The first thing that I saw at the beginning of the trail, was a big brown bear.
He looked at me in the eye, and then ran away.
We proceeded with caution after that, but could not spot him again.
We swore to put on our bags the bear-bells that we had bought.
Bears are not aggressive unless startled and made to feel threatened.
If they are alerted to humans approaching, they will stay out of the path.
The very next day, on Labor Day, we decided to go for another hike, this time right in our own neighborhood of Sweetwater.
People from all over the valley come to our area, the Sweetwater area, for cycling on winding empty roads, for rafting, for camping and to hike the National Forest which stretches over the high country of the Flat Tops Wilderness.
We drove down our road to Sweetwater Lake, and parked at the campground.
From there we climbed above the lake and found the Ute Trail that took us deep into the mountains.
At first we walked through a pine and spruce forest, fragrant with the scents of pine needles, forest mushrooms and rotting leaves.

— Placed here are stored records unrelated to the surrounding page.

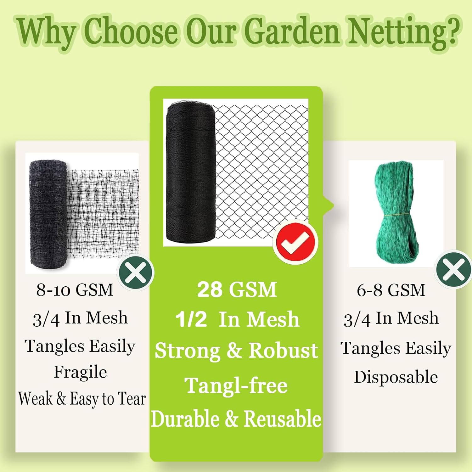 - Netting for Garden Protection: Our bird netting for garden is designed to protect your plants, fruit trees, and vegetables from birds, deer, squirrels, rabbits, and other animals. Lightweight yet strong, this garden netting resists tearing and damage from squirrels and other small animals
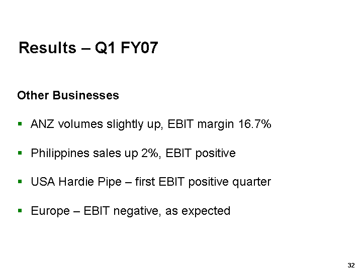 | Results - Q1 FY07 Other Businesses ANZ volumes slightly up, EBIT margin 16.7% Philippines sales up 2%, EBIT positive USA Hardie Pipe - first EBIT positive quarter Europe - EBIT negative, as expected |
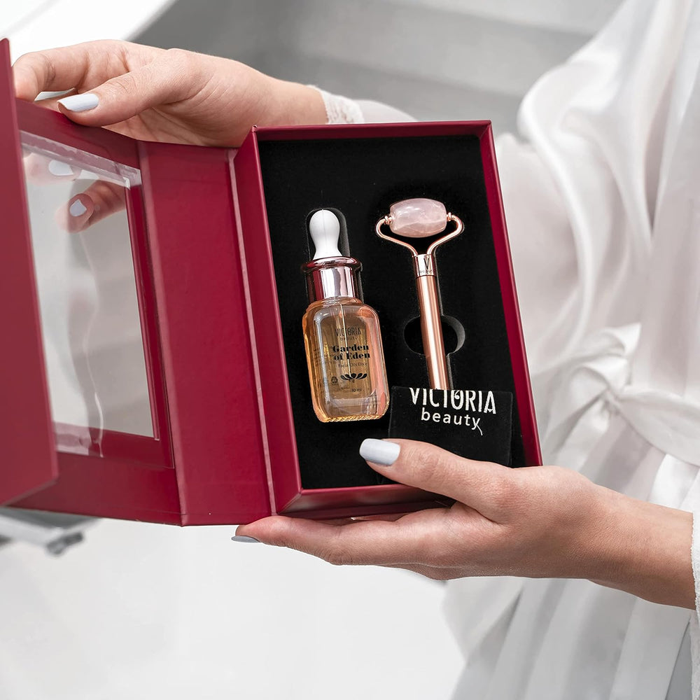 Victoria Beauty - Geschenkset für Frauen mit Jade Roller und Gesichtsserum, Geschenkbox für Damen mi
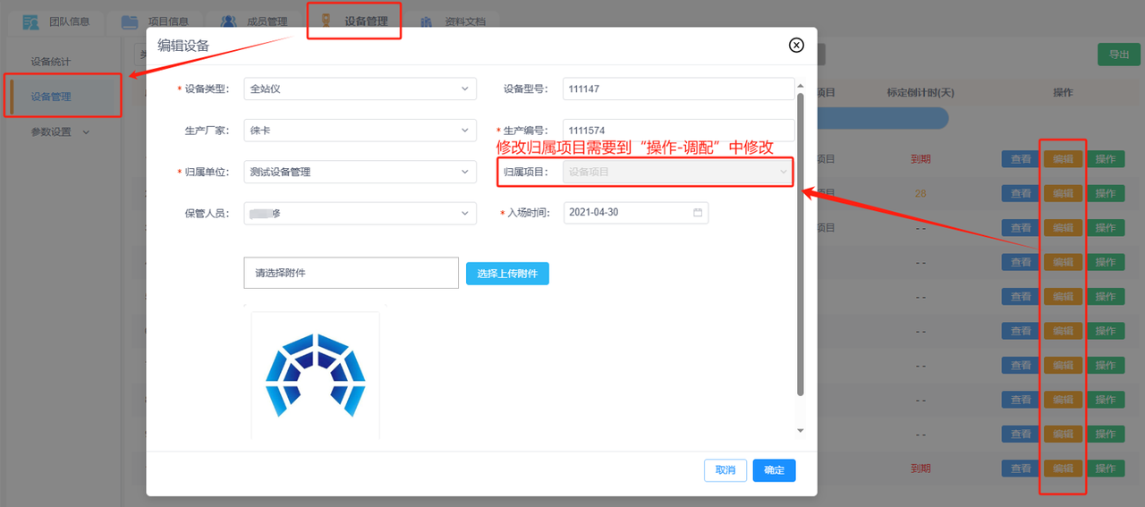 编辑设备:可编辑修改设备信息,包括设备类型、生产厂家、归属单位、保管人员、设备型号、生产编号、购置时间和上传附件。
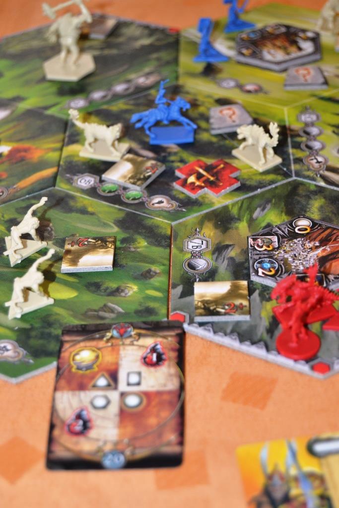I failed to tell, the purpose of the game is to find seven Dragon Runes. You can see there are some tokens on the tiles marked with an interrogation mark. Some of them contain actual Runes, some of them don't. The player controlling the tile can check if he has control of a Rune or a fake icon. The first one to get seven Runes (by whatever means) will win the game (that actually explains the name of the game itself!). If no one gets to that point, by the end of the seventh year of war, the player with more Runes will win (Seven years!!).
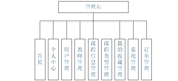管理员登录后可进行查看首页、个人中心、用户管理、教师管理、课程信息管理、课程类型管理、我的收藏管理、系统管理、订单管理等功能,管理员的用例如图3-1所示。
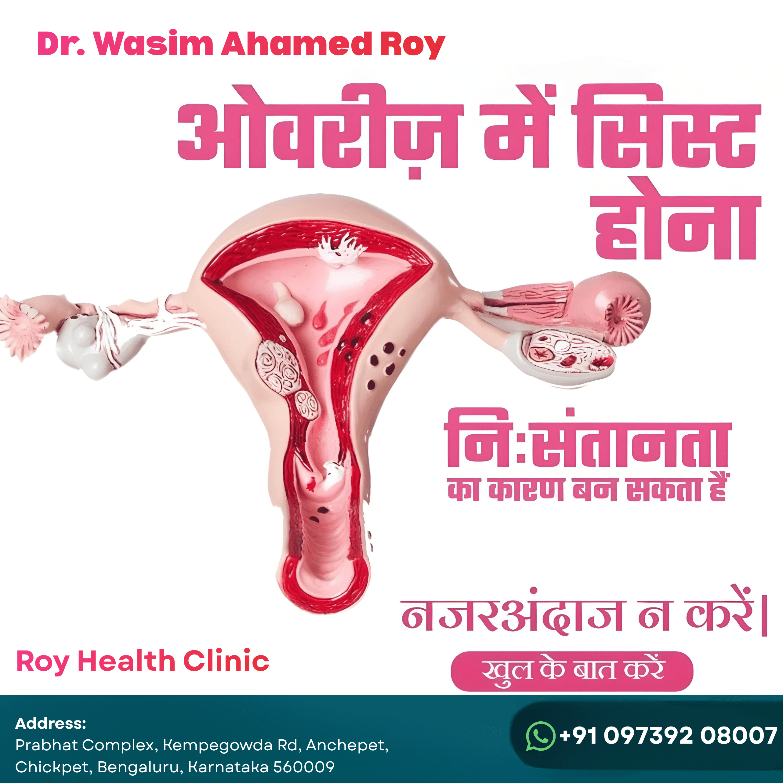 Roy Health Clinic offers expert diagnosis and treatment for ovarian cysts, PCOD, infertility issues, and women’s reproductive health.
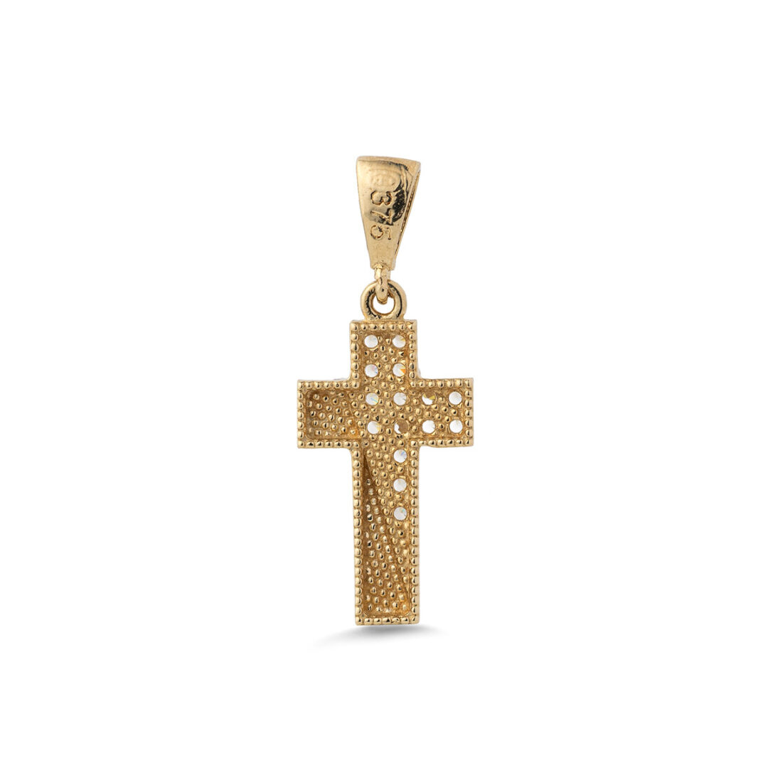 Gold Cross Pendant with Zircon Stones
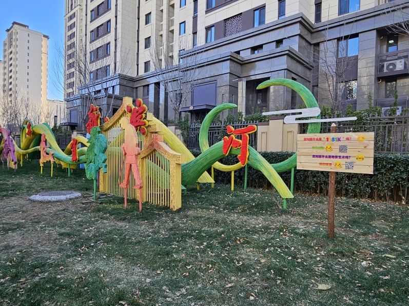 平谷街头上新地景艺术,是用冬剪桃枝做的
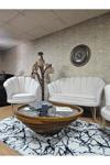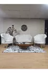 İstiridye Takım Beyaz Boyalı Sivriltme Ayak Çay Seti Koltuk Takımı Krem Renk 110 x 48 Boyut/Ebat - Image 1
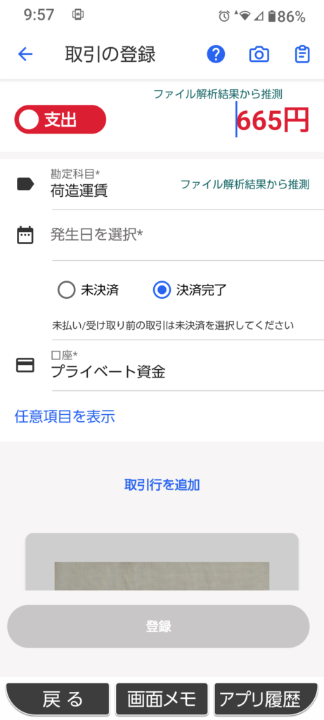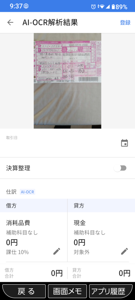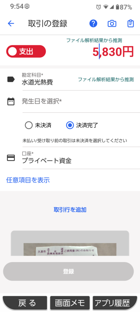 多くのツールでは、レシートを読み取ると勘定科目も自動で提案されます。
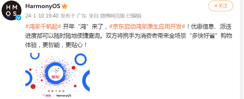 1月10日晚,HarmonyOS微博發(fā)文稱:京東啟動鴻蒙原生應(yīng)用開發(fā),雙方將攜手為消費(fèi)者帶來全場景“多快好省”購物體驗,更智能,更貼心。
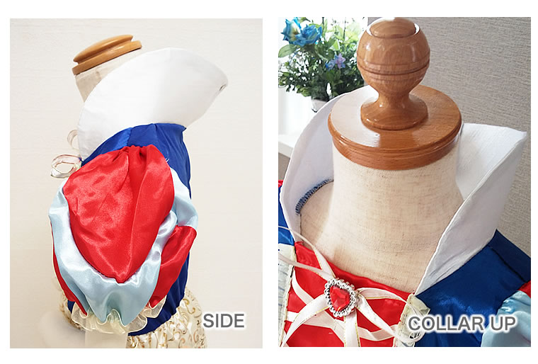 白雪姫っぽい襟元もかわいい!質感もハロウィンコスチュームとしては縫製がわりとよく、品のよさがります。
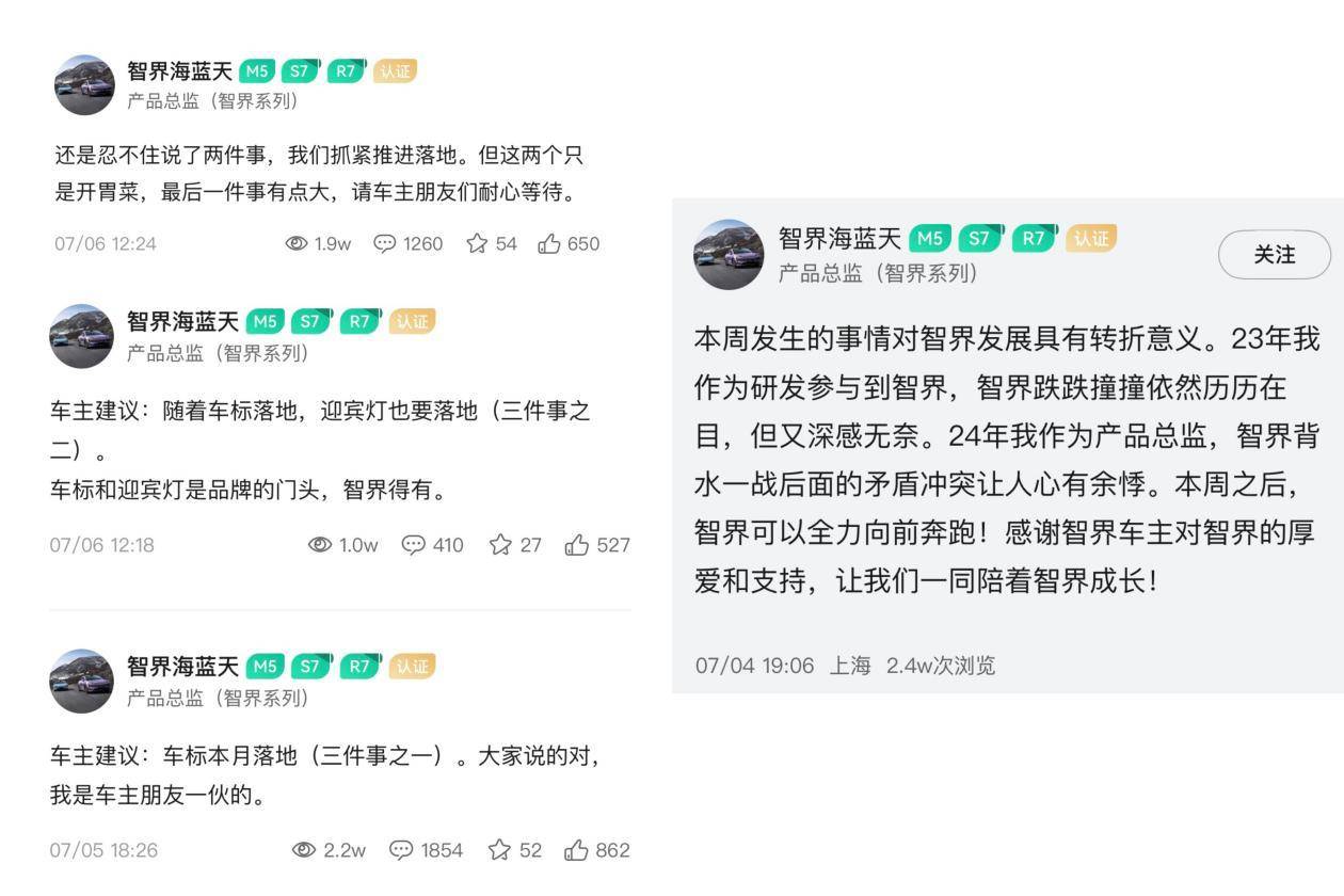 此前,在回答網友“建議智界品牌從奇瑞汽車獨立出來”的帖子時,智界系列產品總監海藍天回應:“正在按此落地”。7月,海藍天再度發文,表示智界正在推進三件事落地,一是車標,二是迎賓燈,最后一件事“有點大”。結合其7月發布的“本周之后,智界可以全力向前奔跑!”,疑似暗指智界將進一步獲得運營自主權。

The path was also lined with horse droppings, since this path is often used by riders on horses going on day trips to enjoy the wilderness.
The path diverged and we took the Creek Crossing Trail, which took us into a beautiful forest of tall Aspens.
The light was filtering through the Aspens, and the place felt like a magical forest, with wild berries, rose hips, birds and colorful leaves.
The Aspens are unique tree specimens, with almost a white bark and markings on the bark that look like human eyes, which felt like the Spirit of the trees was looking out over the forest.
A sharp climb up took us to a big rock formation with an old Ute Indian cave.
Not far from the entrance we could see old petroglyphs, estimated to have been drawn 150-200 years ago.
Part of the entrance to the cave was lined with graffiti, and even some of the old petroglyphs were pained over by graffiti, which made me momentarily sad… I guess people enjoy writing their names on places they have visited… Maybe it makes them feel like they’ve left something of themselves behind…
The weather, which was rainy and stormy when we started the hike, turned into a lovely afternoon’s sunshine.
Our return path was bathed in golden light.
I reflected about how nourishing it is to commune with Nature.
How restorative it is to my soul and how rejuvenating it is to my moods.
Now that we are home, I have been spending my days in the studio, while trying to balance my day with long stretches of time devoted to reading.
But without going out into the Wilderness, I find that my mood tends to sink down.
After some time spent walking around the forest and listening to the sounds of the forest, the whistling wind, the rustle of the leaves, the hum of small creatures breathing and running around, the birds and the sounds of running water, I feel whole again.
Miracles are a reminder that the world around us is full of Grace, and full of God’s Love and Light.
Miracles remind us that the world that we believe is real, is nothing but a creation of our ego mind….a collective illusion.
If we step out of our human drama, and take the time to commune with Nature, the silence and the beauty of it all restores us back to sanity.
It has been proven again and again.
Inner city kids from rough schools come to spend the summer down our road at a Nature summer camp.
They learn to ride horses, to kayak, to go on rafting trips on the Colorado river, to camp outdoors, to cook camp food, and to sing and talk for their entertainment, instead of watching TV.
They come with hardened hearts and a lot of convictions about the hardships of life, and they leave knowing an inner peace that they have never known before.
Sweetwater Lake, where the hike starts.
The petroglyphs drawings are done with mineral paint made from ochre and ash.
They depict wildlife like deer, bison, buffalo, horses with riders, trees and people.
The cave is long, and even has a few drop offs.
Since we did not bring a flashlight with us, we could not explore the depth of it at this time.
It is VERY dark inside, but it did not smell musty.
On our way back, the late afternoon sun was out, bathing the landscape in golden rays.